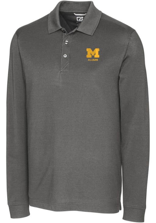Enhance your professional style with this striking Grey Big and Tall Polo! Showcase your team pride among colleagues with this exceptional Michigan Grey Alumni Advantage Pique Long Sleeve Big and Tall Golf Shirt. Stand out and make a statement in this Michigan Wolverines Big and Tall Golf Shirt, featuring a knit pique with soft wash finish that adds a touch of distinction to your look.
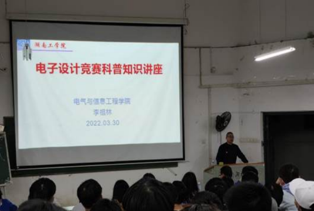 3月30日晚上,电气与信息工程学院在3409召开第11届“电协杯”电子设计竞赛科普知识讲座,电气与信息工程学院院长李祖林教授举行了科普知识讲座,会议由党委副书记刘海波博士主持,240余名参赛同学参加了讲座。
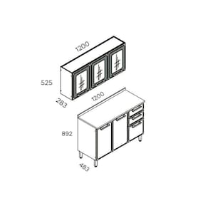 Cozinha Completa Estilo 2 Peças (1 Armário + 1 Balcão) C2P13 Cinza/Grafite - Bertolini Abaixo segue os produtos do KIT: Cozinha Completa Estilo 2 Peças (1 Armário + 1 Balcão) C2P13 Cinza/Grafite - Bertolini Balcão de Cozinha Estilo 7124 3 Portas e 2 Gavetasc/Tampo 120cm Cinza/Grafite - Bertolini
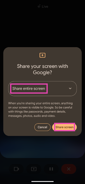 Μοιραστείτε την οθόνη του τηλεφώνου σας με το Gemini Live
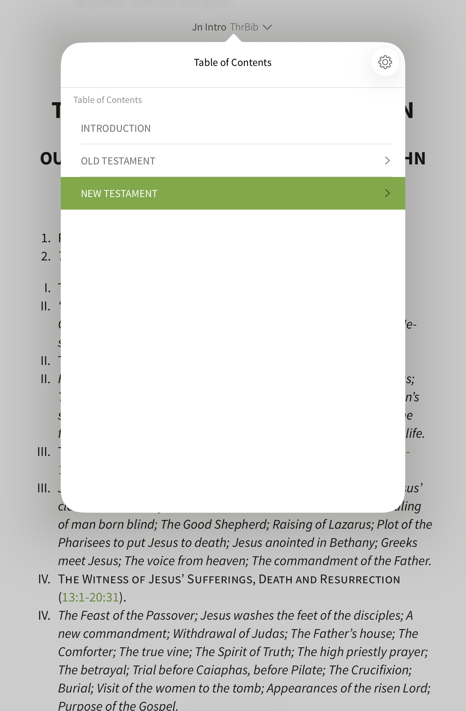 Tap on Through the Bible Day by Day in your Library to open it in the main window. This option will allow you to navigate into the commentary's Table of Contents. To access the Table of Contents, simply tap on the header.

...

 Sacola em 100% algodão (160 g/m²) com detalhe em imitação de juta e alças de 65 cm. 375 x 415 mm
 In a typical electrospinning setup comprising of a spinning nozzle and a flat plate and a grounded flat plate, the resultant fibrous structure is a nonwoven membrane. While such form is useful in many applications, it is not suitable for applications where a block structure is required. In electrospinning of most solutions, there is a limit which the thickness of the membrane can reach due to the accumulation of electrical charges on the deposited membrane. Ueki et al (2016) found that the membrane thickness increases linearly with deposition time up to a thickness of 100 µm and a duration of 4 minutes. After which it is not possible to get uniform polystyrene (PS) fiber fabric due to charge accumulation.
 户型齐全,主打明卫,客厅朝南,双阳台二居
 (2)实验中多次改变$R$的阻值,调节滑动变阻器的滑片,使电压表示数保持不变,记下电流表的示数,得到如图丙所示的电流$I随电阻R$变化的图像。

---

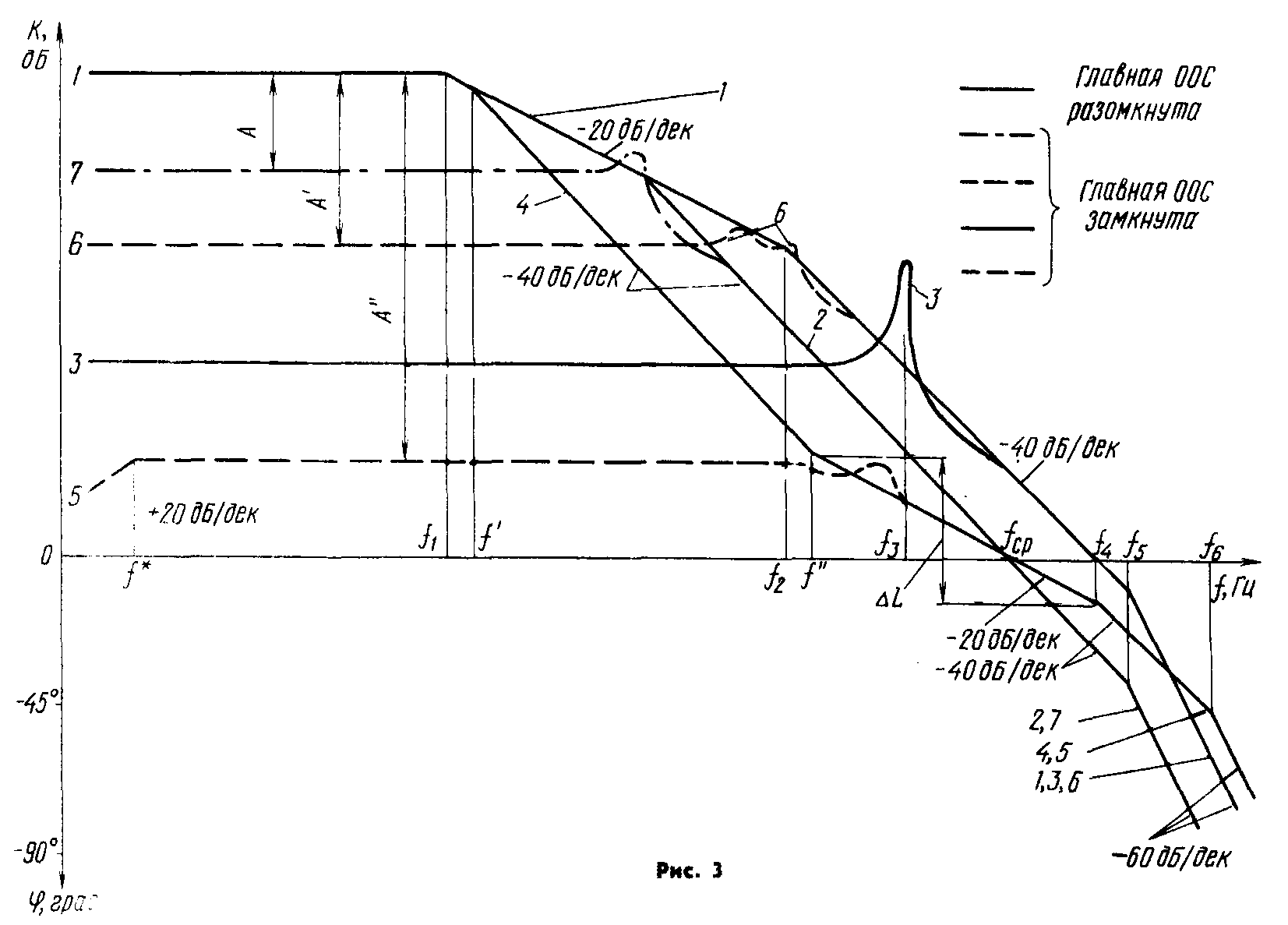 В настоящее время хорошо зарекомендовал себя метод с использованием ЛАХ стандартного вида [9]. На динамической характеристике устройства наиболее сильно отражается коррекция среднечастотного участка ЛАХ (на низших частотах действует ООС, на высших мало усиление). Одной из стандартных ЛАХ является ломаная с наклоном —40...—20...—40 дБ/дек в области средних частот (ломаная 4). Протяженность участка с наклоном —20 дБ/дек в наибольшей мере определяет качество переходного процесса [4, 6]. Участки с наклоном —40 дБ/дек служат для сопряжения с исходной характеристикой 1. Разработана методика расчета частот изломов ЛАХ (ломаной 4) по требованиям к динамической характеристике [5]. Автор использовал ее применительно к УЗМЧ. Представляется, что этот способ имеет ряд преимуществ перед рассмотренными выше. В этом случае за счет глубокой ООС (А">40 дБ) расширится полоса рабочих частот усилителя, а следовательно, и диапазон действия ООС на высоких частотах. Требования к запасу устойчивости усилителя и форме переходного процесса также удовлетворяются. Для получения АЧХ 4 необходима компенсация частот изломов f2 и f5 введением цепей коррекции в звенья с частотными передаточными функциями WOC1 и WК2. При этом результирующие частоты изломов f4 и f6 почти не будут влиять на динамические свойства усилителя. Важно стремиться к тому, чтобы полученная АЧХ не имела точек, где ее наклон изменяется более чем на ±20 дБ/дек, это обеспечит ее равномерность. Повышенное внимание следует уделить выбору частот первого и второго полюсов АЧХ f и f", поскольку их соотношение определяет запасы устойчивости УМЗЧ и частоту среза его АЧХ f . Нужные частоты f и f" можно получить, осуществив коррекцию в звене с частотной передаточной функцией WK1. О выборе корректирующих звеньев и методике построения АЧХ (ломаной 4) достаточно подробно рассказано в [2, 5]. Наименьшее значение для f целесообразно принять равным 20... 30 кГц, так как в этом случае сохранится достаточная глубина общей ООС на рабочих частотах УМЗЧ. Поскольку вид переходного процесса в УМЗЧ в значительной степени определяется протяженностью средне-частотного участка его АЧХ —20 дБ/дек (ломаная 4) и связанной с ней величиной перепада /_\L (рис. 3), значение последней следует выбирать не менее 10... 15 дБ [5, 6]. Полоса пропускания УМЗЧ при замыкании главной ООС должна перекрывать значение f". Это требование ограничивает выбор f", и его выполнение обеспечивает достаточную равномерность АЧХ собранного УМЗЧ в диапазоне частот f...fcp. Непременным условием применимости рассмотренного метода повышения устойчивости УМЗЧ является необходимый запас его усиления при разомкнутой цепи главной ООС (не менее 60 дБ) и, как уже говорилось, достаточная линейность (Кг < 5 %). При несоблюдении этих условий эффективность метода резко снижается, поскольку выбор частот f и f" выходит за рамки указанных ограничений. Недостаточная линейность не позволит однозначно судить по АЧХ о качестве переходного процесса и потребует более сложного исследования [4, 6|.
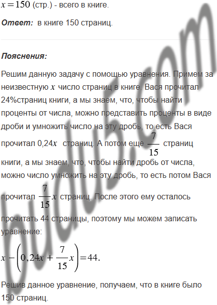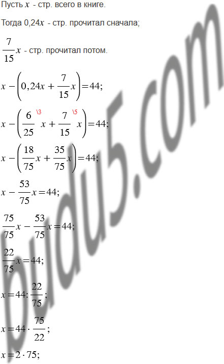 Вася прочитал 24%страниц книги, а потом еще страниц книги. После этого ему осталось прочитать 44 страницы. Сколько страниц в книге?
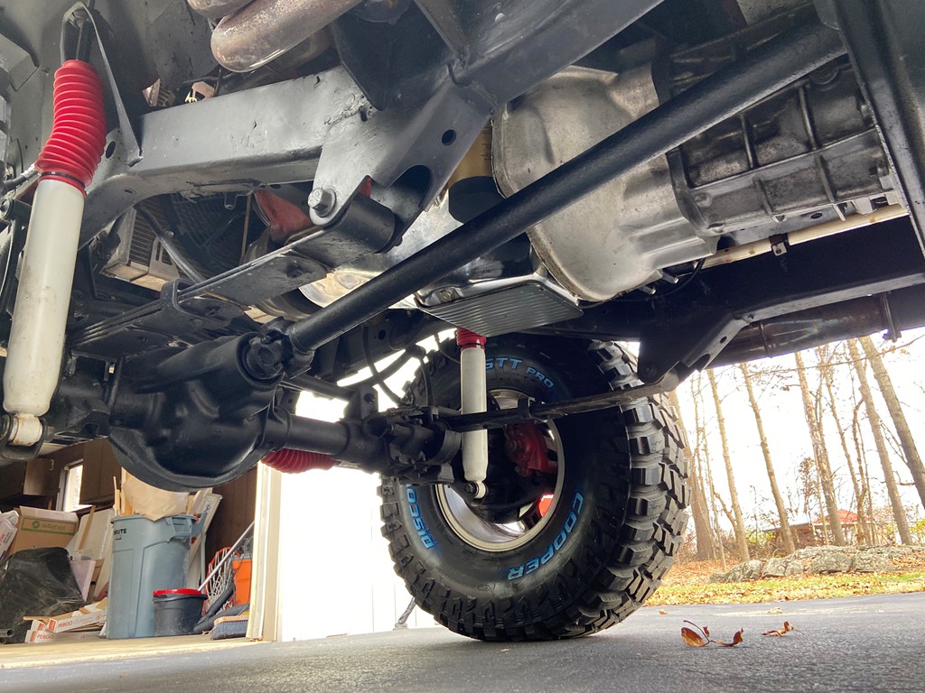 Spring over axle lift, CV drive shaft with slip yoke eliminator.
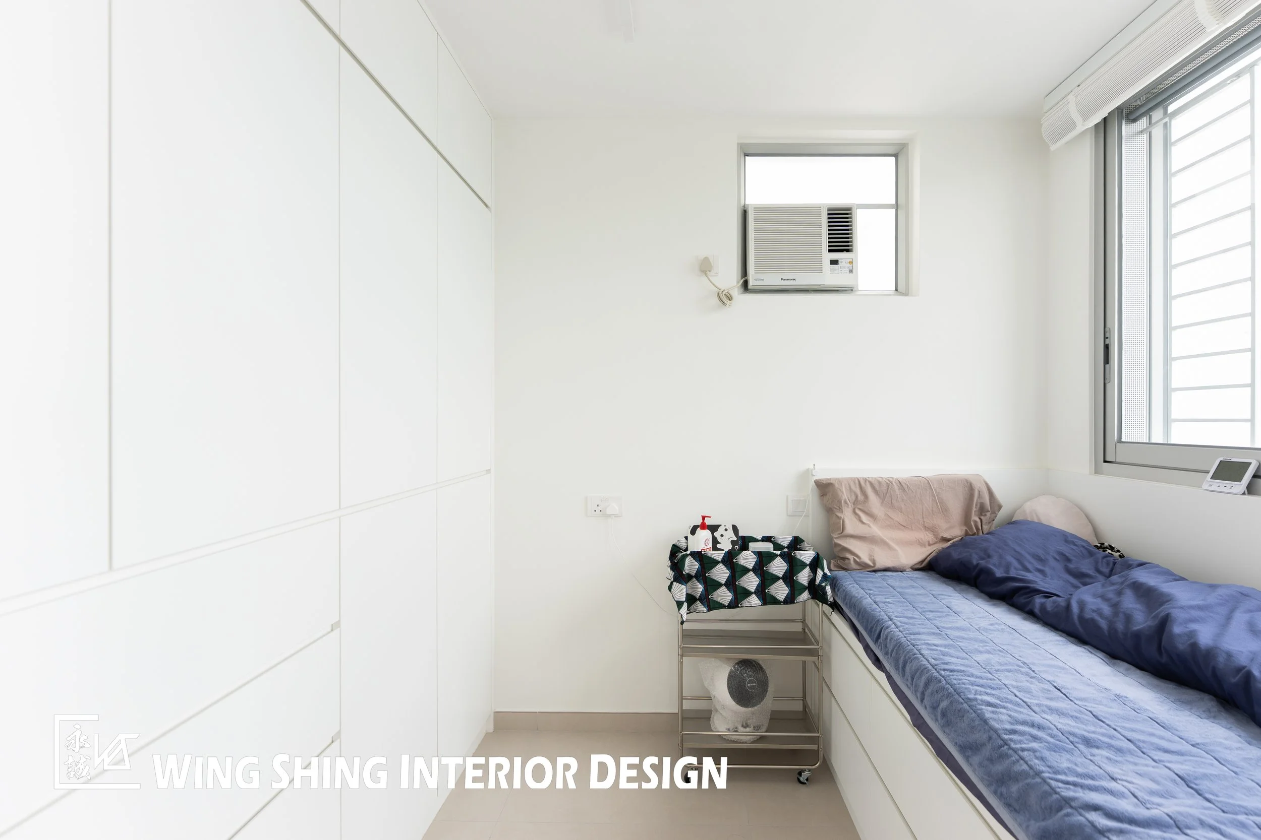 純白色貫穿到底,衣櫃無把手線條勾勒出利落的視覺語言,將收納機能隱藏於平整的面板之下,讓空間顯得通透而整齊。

» Assignment
Exactly as written above, retype the lines starting at the one holding "Μοιραστείτε την οθόνη" and ending at the one holding "Tap on Through", both included, but not the pictures.

» Expected output
 Μοιραστείτε την οθόνη του τηλεφώνου σας με το Gemini Live
 Tap on Through the Bible Day by Day in your Library to open it in the main window. This option will allow you to navigate into the commentary's Table of Contents. To access the Table of Contents, simply tap on the header.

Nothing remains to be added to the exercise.